Yetersiz mahsul ve artan fiyatlar, hükümetleri tahıl ihracatını yasaklamaya itti. Ancak piyasanın yoksullara önerebileceği bir çözüm yok. Korkunç bir sıcak hava dalgası Hindistan ve Pakistan’ı kasıp kavurmaya devam ediyor.
Geçen hafta sonu Yeni Delhi’deki sıcaklıklar kademeli olarak 50 dereceye kadar yükseldi. Zenginler ve orta sınıfların çoğu, paraları sayesinde en sıcak zamanlarda güneşten uzak durabiliyor veya klimalarını kullanabiliyor. Ama milyonlarca yoksul için hayat neredeyse katlanılamaz bir halde.
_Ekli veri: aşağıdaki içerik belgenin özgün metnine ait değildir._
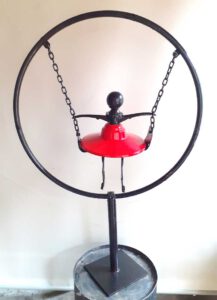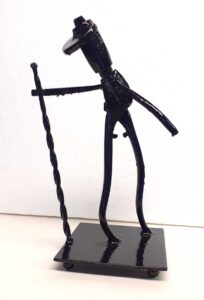 Hij lijkt een beetje op King Kong die in een toren klimt, maar deze acrobaat klautert behendig op dit trapezium. Zie jij er iets anders in en wil je hem graag thuis een mooi plekje geven? Laat het ons weten!

İnşaat işçisi Tundre çoktan kaybedilmiş bir savaşı sürdürdüğünü söylüyor. “Çok fazla sıcak var ama eğer çalışmazsak karnımızı nasıl doyuracağız? Birkaç gün çalışıyor, birkaç gün ise boş duruyoruz çünkü yorgunluktan kendimize gelemiyoruz.” Sabah saat 9’da sıcaklık çoktan 36 derece olmuşken, Darshan Mukhiya, 83 yaşındaki babasının tekerlekli sandalyesini iterken, çıplak ayak yürüyor. Devlet yardımlarını kaybetmemesi için onu resmi dairelere götürmek zorunda.
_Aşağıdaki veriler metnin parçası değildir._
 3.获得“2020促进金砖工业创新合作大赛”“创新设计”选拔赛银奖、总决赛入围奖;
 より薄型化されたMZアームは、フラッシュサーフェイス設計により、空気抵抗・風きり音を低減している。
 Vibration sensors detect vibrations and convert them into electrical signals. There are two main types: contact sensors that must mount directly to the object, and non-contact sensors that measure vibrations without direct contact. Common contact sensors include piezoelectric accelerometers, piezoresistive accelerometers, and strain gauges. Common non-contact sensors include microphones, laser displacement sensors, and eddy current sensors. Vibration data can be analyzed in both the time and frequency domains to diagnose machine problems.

Mukhiya, Economic Times gazetesine, “Bırakın klimayı, vantilatörümüz bile yok” diyor. “Benim gibi biri kendisini korumak için ne yapabilir?” Serinlemek için yapabileceği tek şey, kirli bir nehre girmek. Yakındaki bir köprünün gölgesinde bulunan açık hava okulunda da vantilatör yok. Delhi’nin Metro trenleri ise, biraz lükse parası olanların kullanabileceği klimalı vagonlara sahip.
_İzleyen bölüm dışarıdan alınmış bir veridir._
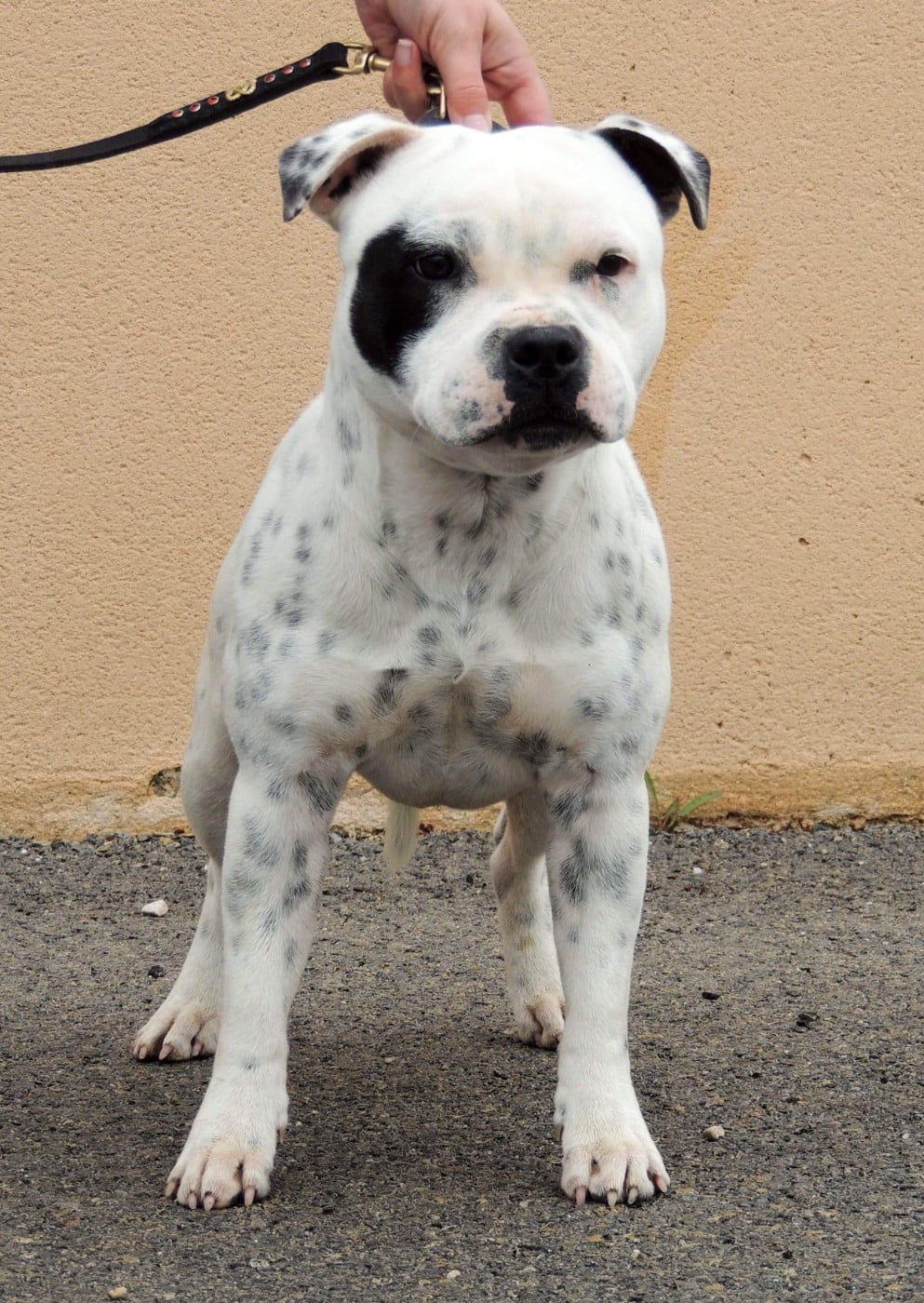 Très calme pour un staffie, stable, posé et proche de l’humain.

Parasız eğitim veren bu okulda 300 öğrenci olmalı. Ama yoksul ailelerin pek çoğu şehirden ayrılarak kırsal bölgelere gitti. Onlar sıcaktan kaçmaya ve sıcak dalgası döneminde çalışamadıkları için ailelerinden destek almaya çalışıyorlar. Ama kırda da her şey yolunda değil.
Yüksek sıcaklıklar tahılları ve köylülerin geçim araçlarını harap ederken, hükümet geçtiğimiz hafta buğday ihracatının yasaklandığını açıkladı. Şubat ayında 111 milyon tonluk bir buğday hasadı olacağı öngörüsünde bulunmuştu. Mayıs ayında bunu 105 milyon tona indirdi. Şimdi ise buğday tüccarları, gerçek rakamın 100 milyon tonun altında olacağını öne sürüyor.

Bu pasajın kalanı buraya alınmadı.